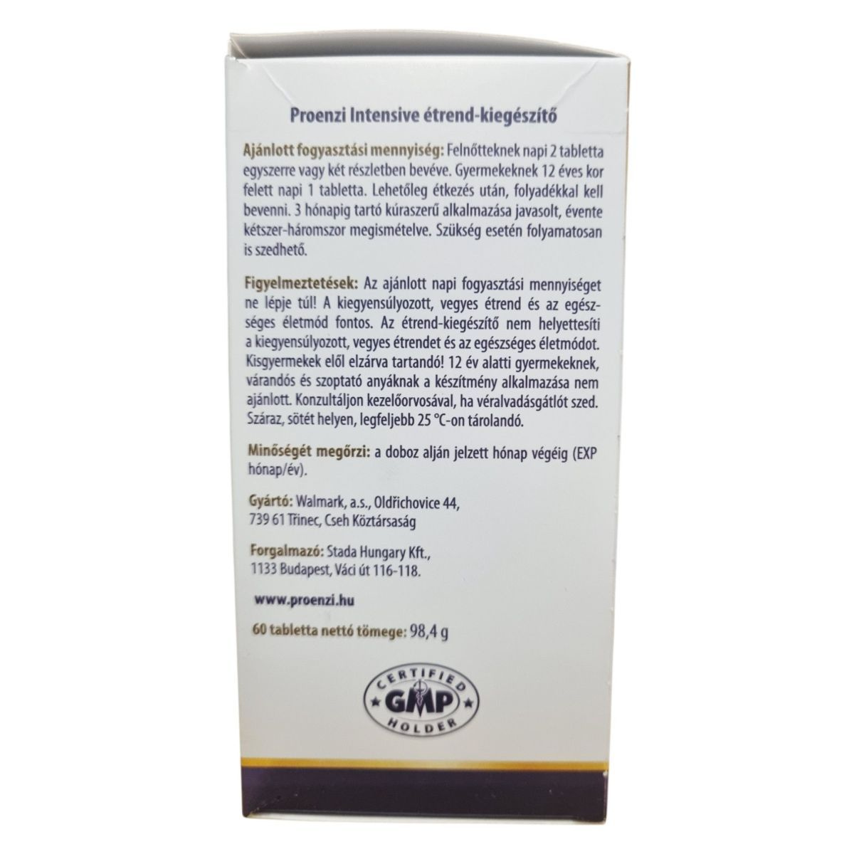 A Proenzi INTENSIVE egy komplex ízületi készítmény, amelyet az ízületek táplálására és a vázizomrendszer támogatására fejlesztettek ki. A termék glükózamin-szulfátot, kondroitin-szulfátot és II. típusú kollagént tartalmaz, amelyek hozzájárulhatnak az ízületi porcok normál állapotának fenntartásához. A C-vitamin segíthet a normál kollagénképződésben, míg a mangán a kötőszövet-képződésben játszhat szerepet. A termékben található BioPerine fokozhatja az összetevők felszívódását. A Salix alba és Curcuma longa kivonatok a népgyógyászatban és az ayurvédában is ismertek lehetnek az ízületek egészségének megőrzésében. A termék használata során fontos a kiegyensúlyozott étrend és az egészséges életmód fenntartása.
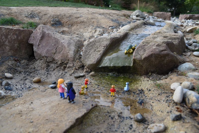 "Etwa hier entlang? Das sieht auch nicht nach Badestelle aus", meint Trüffel enttäuscht.
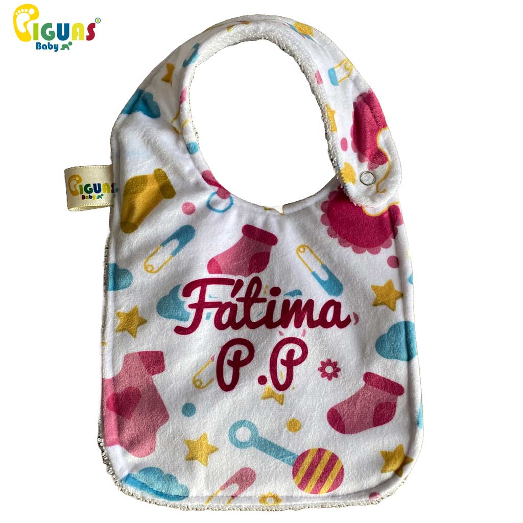 - Materiales: cada babero esta hecho con telas suaves de la mejor calidad. Trae incorporado una tela anti fluido, evitando filtraciones de liquido a la piel o ropa de tu bebé. La tela de contacto con tu bebé esta hecha de tolla de microfibra, haciéndolos suaves al momento de limpiar la delicada piel de tu chiquito. Tienen diseños llamativos y vibrantes. Con nuestros babero personalizados haz que cada comida sea una aventura divertida y única.
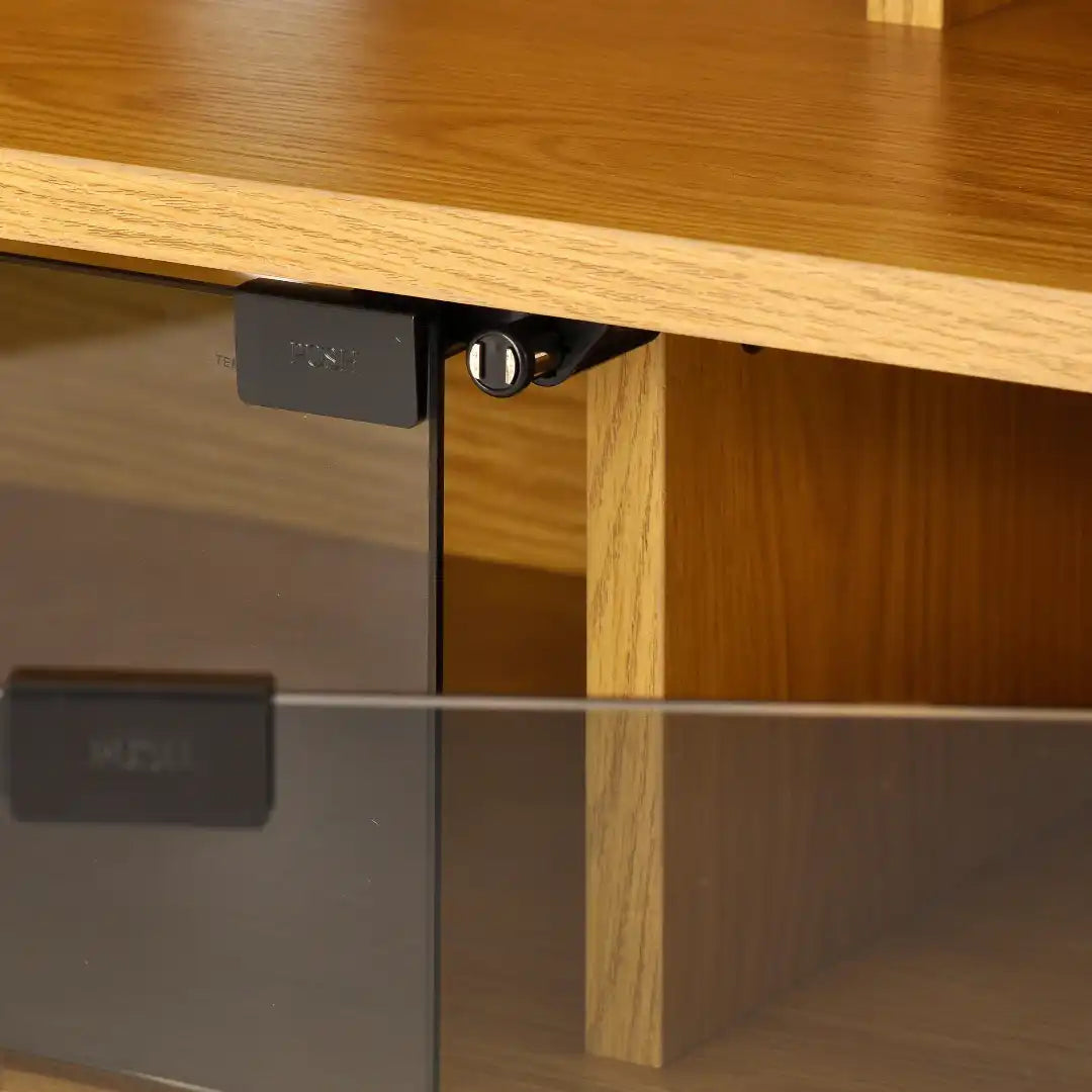 The cabinet has plenty of practical storage, below the TV is a double-capacity space ideal for a soundbar or for housing a DVD player, and a satellite box side-by-side. Underneath this is a further compartment with tinted soft-close glass doors, which can accommodate additional components, such as AV equipment and game consoles.
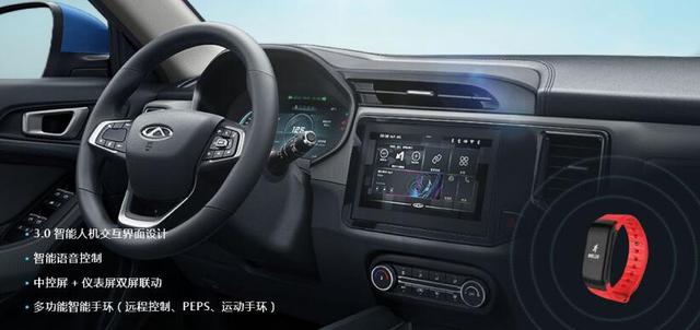 内饰方面,瑞虎 e采用了直线与棱角勾勒的极简造型,三幅式多功能真皮方向盘,以及中控台自然触感的软包覆材质搭配镶嵌的金属镀铬条装饰,令座舱尽显豪华大气。瑞虎 e车内搭载7英寸多功能液晶仪表盘和9英寸中控触摸屏,并增设电子手刹以及同级独有的升降式旋钮换挡等配备,换挡旋钮可随着车辆的启动和断电自动升降,大大增强了驾驶时的仪式感和科技感,此外,瑞虎 e还贴心设计了主驾6向电动科技座椅,并包含电动腰托、前排座椅加热功能,实现了同级最优,也为用户带来了更舒适的驾乘感受。
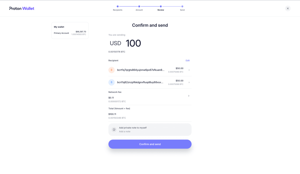 Once you’ve reviewed the BTC address of your recipient(s) and added any notes, confirm the transaction by selecting Confirm and send to initiate the BTC transfer.
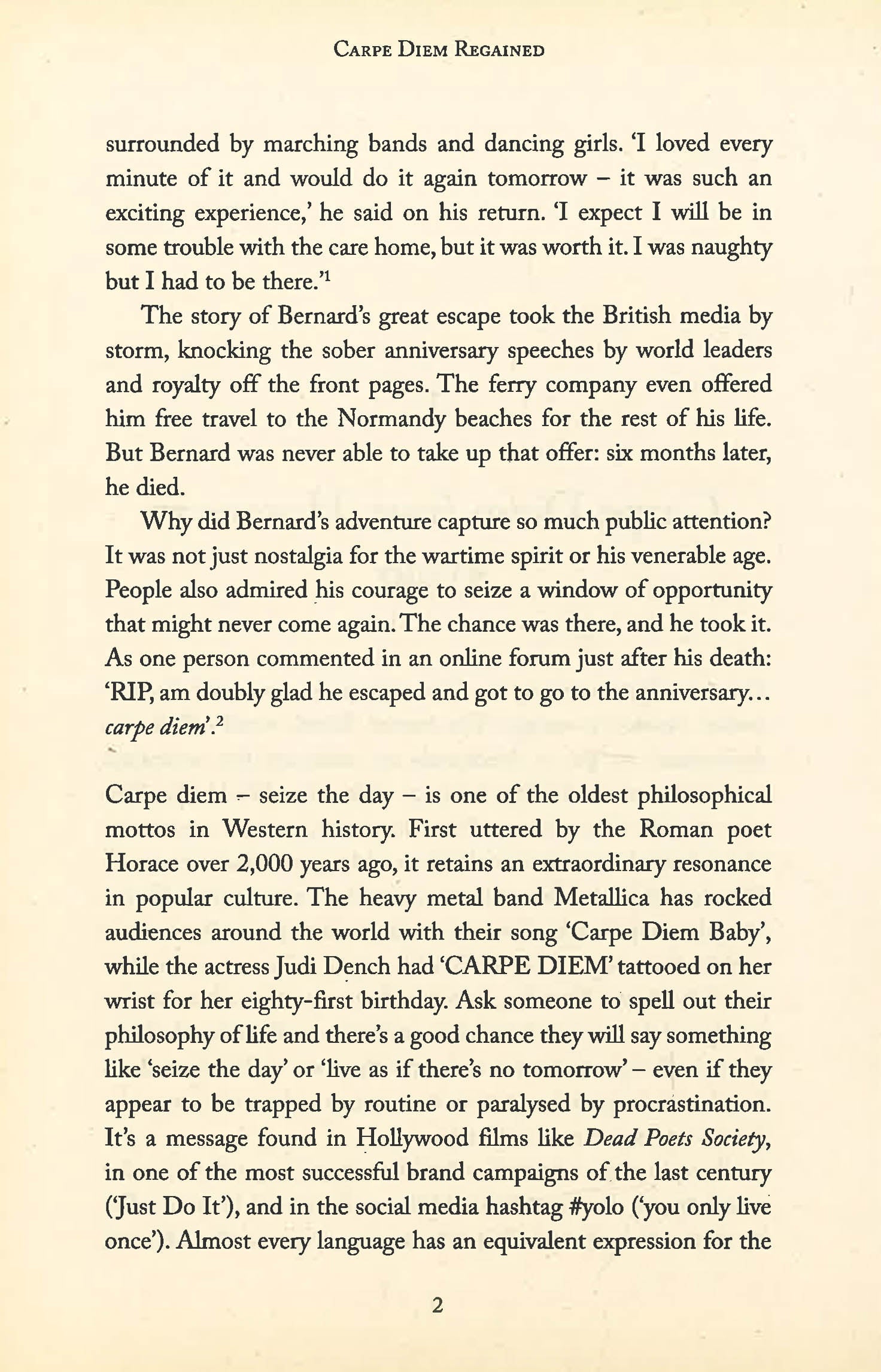 Carpe diem - `seize the day' - is one of the oldest pieces of life advice in Western history. But its true spirit has been hijacked by ad men and self-help gurus, reduced to the instant hit of one-click online shopping, or slogans like `live in the now'. We need to reclaim it to make sense of our complex, confusing times.
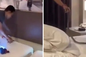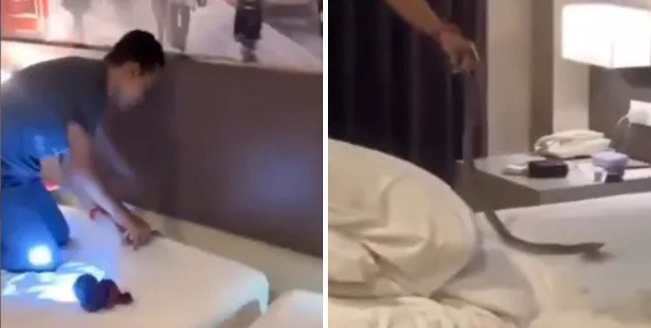 La escena tuvo además un detalle todavía más inquietante. La serpiente no solo se desplazaba sobre el colchón, sino que emitía un siseo constante dentro del cuarto, un sonido que terminó de confirmar que el peligro estaba ahí, a pocos centímetros de los huéspedes.
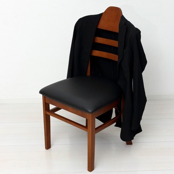 背もたれはハンガー形状ですので、型崩れを気にせず上着を掛けられます。ハンガー部分はかばんを掛けられるよう、2ヶ所に凹みがあります。床面をキズつけにくい脚裏シール付。フレームは温かみのある天然木、座面はお手入れが簡単な合成皮革。使い勝手の良い同色2脚セット。既存のテーブルに合わせやすいシンプルデザイン。
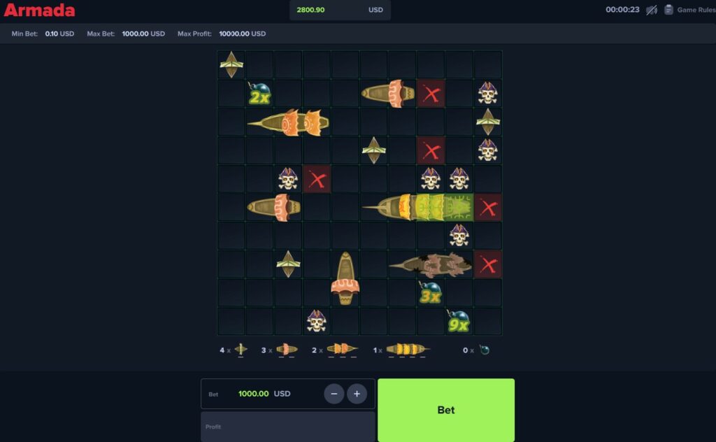 Les règles de Armada sont très simples. Vous avez une grille composée de bateaux, de bombes et de squelettes. Si vous tombez sur un bateau, votre mise est multiplié, mais si vous avez 5 échecs d'affilés ou que vous tombez sur un squelette, vous perdez.
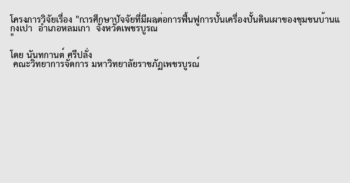 การศึกษาปัจจัยที่มีผลต่อการฟื้นฟูการปั้นเครื่องปั้นดินเผาของชุมชนบ้านแก่งเป้า อำเภอหล่มเก่า จังหวัดเพชรบูรณ์
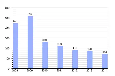 | Gráfica de evolución de la deuda viva del ayuntamiento entre 2008 y 2014 |

■ Task objective ■
Please output every entry exactly as written, apart from the pictures.

■ Your solution ■
 A Proenzi INTENSIVE egy komplex ízületi készítmény, amelyet az ízületek táplálására és a vázizomrendszer támogatására fejlesztettek ki. A termék glükózamin-szulfátot, kondroitin-szulfátot és II. típusú kollagént tartalmaz, amelyek hozzájárulhatnak az ízületi porcok normál állapotának fenntartásához. A C-vitamin segíthet a normál kollagénképződésben, míg a mangán a kötőszövet-képződésben játszhat szerepet. A termékben található BioPerine fokozhatja az összetevők felszívódását. A Salix alba és Curcuma longa kivonatok a népgyógyászatban és az ayurvédában is ismertek lehetnek az ízületek egészségének megőrzésében. A termék használata során fontos a kiegyensúlyozott étrend és az egészséges életmód fenntartása.
 "Etwa hier entlang? Das sieht auch nicht nach Badestelle aus", meint Trüffel enttäuscht.
 - Materiales: cada babero esta hecho con telas suaves de la mejor calidad. Trae incorporado una tela anti fluido, evitando filtraciones de liquido a la piel o ropa de tu bebé. La tela de contacto con tu bebé esta hecha de tolla de microfibra, haciéndolos suaves al momento de limpiar la delicada piel de tu chiquito. Tienen diseños llamativos y vibrantes. Con nuestros babero personalizados haz que cada comida sea una aventura divertida y única.
 The cabinet has plenty of practical storage, below the TV is a double-capacity space ideal for a soundbar or for housing a DVD player, and a satellite box side-by-side. Underneath this is a further compartment with tinted soft-close glass doors, which can accommodate additional components, such as AV equipment and game consoles.
 内饰方面,瑞虎 e采用了直线与棱角勾勒的极简造型,三幅式多功能真皮方向盘,以及中控台自然触感的软包覆材质搭配镶嵌的金属镀铬条装饰,令座舱尽显豪华大气。瑞虎 e车内搭载7英寸多功能液晶仪表盘和9英寸中控触摸屏,并增设电子手刹以及同级独有的升降式旋钮换挡等配备,换挡旋钮可随着车辆的启动和断电自动升降,大大增强了驾驶时的仪式感和科技感,此外,瑞虎 e还贴心设计了主驾6向电动科技座椅,并包含电动腰托、前排座椅加热功能,实现了同级最优,也为用户带来了更舒适的驾乘感受。
 Once you’ve reviewed the BTC address of your recipient(s) and added any notes, confirm the transaction by selecting Confirm and send to initiate the BTC transfer.
 Carpe diem - `seize the day' - is one of the oldest pieces of life advice in Western history. But its true spirit has been hijacked by ad men and self-help gurus, reduced to the instant hit of one-click online shopping, or slogans like `live in the now'. We need to reclaim it to make sense of our complex, confusing times.
 La escena tuvo además un detalle todavía más inquietante. La serpiente no solo se desplazaba sobre el colchón, sino que emitía un siseo constante dentro del cuarto, un sonido que terminó de confirmar que el peligro estaba ahí, a pocos centímetros de los huéspedes.
 背もたれはハンガー形状ですので、型崩れを気にせず上着を掛けられます。ハンガー部分はかばんを掛けられるよう、2ヶ所に凹みがあります。床面をキズつけにくい脚裏シール付。フレームは温かみのある天然木、座面はお手入れが簡単な合成皮革。使い勝手の良い同色2脚セット。既存のテーブルに合わせやすいシンプルデザイン。
 Les règles de Armada sont très simples. Vous avez une grille composée de bateaux, de bombes et de squelettes. Si vous tombez sur un bateau, votre mise est multiplié, mais si vous avez 5 échecs d'affilés ou que vous tombez sur un squelette, vous perdez.
 การศึกษาปัจจัยที่มีผลต่อการฟื้นฟูการปั้นเครื่องปั้นดินเผาของชุมชนบ้านแก่งเป้า อำเภอหล่มเก่า จังหวัดเพชรบูรณ์
 | Gráfica de evolución de la deuda viva del ayuntamiento entre 2008 y 2014 |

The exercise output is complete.